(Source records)
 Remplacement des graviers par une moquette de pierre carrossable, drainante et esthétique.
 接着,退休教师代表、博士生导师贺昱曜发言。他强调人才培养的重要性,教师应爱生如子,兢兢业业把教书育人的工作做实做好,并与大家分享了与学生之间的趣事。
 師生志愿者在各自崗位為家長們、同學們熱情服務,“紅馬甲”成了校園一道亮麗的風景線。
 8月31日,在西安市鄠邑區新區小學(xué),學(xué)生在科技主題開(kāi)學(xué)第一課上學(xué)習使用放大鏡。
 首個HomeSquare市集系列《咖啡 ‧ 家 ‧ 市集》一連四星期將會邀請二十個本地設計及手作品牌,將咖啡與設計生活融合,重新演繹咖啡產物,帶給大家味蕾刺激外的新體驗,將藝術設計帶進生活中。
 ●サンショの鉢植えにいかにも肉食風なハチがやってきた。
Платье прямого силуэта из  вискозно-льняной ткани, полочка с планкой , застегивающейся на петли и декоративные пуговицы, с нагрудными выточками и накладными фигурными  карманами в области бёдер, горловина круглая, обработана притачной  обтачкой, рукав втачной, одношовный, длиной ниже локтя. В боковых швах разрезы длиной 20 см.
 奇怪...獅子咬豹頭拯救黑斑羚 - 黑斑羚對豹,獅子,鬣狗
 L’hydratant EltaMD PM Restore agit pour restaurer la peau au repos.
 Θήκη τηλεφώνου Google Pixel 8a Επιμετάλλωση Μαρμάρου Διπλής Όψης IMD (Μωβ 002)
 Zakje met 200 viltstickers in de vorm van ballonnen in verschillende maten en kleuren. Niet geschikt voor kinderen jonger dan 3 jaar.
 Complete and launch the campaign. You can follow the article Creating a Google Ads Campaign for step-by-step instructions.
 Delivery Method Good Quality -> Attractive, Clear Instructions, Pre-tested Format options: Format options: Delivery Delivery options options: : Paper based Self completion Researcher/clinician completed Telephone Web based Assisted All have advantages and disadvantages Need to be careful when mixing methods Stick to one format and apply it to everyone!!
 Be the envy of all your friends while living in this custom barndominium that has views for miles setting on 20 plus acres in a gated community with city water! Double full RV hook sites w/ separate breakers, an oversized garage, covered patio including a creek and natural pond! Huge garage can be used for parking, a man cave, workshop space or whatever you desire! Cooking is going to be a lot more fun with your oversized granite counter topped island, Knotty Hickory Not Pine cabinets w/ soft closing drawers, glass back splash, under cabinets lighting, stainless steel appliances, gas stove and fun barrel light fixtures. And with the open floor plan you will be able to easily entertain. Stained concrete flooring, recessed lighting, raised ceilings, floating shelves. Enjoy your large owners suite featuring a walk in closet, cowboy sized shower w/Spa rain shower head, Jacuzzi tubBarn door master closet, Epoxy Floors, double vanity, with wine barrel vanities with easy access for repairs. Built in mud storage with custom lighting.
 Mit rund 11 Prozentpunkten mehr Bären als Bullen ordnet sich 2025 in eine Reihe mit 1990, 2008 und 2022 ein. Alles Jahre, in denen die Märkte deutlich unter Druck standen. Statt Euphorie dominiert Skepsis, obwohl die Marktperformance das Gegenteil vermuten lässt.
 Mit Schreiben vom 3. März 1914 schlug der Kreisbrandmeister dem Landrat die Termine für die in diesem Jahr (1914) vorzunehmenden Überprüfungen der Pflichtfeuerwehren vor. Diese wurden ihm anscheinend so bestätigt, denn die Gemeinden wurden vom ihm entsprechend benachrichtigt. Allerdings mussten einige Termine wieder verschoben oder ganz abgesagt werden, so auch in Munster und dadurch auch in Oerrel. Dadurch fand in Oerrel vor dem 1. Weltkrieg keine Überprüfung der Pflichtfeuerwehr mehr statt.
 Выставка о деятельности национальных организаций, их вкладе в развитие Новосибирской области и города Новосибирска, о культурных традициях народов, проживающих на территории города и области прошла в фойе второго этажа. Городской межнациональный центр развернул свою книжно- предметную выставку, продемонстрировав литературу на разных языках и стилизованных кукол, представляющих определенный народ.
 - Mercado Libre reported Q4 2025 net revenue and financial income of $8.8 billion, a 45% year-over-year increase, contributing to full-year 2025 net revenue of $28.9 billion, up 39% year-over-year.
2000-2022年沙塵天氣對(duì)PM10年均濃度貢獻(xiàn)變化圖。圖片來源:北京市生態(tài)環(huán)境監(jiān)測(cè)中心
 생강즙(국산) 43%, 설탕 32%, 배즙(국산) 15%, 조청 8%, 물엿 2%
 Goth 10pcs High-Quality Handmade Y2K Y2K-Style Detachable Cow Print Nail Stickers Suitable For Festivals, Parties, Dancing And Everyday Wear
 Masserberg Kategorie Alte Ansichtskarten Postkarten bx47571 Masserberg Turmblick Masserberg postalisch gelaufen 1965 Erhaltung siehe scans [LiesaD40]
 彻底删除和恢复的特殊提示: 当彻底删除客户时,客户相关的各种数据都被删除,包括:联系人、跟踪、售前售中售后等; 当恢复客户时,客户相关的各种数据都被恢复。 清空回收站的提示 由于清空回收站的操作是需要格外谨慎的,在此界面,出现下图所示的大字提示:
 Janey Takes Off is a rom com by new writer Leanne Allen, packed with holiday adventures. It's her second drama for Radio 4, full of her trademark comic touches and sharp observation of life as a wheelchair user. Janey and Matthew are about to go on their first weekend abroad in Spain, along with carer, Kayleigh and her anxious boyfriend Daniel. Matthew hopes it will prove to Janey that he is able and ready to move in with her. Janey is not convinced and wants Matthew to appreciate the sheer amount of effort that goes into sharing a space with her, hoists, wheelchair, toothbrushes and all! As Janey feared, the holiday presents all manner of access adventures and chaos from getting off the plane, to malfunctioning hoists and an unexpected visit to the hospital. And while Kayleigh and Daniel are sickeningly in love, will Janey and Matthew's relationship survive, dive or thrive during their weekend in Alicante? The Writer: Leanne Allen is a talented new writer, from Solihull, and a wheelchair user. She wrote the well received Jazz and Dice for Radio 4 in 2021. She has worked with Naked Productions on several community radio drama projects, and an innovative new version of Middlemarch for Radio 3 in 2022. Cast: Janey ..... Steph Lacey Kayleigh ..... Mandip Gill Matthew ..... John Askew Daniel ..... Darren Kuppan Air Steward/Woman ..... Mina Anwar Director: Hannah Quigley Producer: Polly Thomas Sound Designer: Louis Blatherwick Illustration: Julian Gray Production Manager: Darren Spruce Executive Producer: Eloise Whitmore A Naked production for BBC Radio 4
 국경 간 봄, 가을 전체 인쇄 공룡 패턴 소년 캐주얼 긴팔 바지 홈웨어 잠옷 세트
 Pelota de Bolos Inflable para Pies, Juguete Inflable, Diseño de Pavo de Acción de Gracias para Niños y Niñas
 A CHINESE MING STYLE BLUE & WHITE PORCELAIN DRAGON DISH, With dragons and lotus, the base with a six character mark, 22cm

__ABOUT THIS EXERCISE__
From the entries above, extract only the lines running from the one containing "首個HomeSquare市集系列《咖啡 ‧ 家" through the one containing "Платье прямого силуэта", inclusive.

__RESPONSE TO THIS EXERCISE__
 首個HomeSquare市集系列《咖啡 ‧ 家 ‧ 市集》一連四星期將會邀請二十個本地設計及手作品牌,將咖啡與設計生活融合,重新演繹咖啡產物,帶給大家味蕾刺激外的新體驗,將藝術設計帶進生活中。
 ●サンショの鉢植えにいかにも肉食風なハチがやってきた。
Платье прямого силуэта из  вискозно-льняной ткани, полочка с планкой , застегивающейся на петли и декоративные пуговицы, с нагрудными выточками и накладными фигурными  карманами в области бёдер, горловина круглая, обработана притачной  обтачкой, рукав втачной, одношовный, длиной ниже локтя. В боковых швах разрезы длиной 20 см.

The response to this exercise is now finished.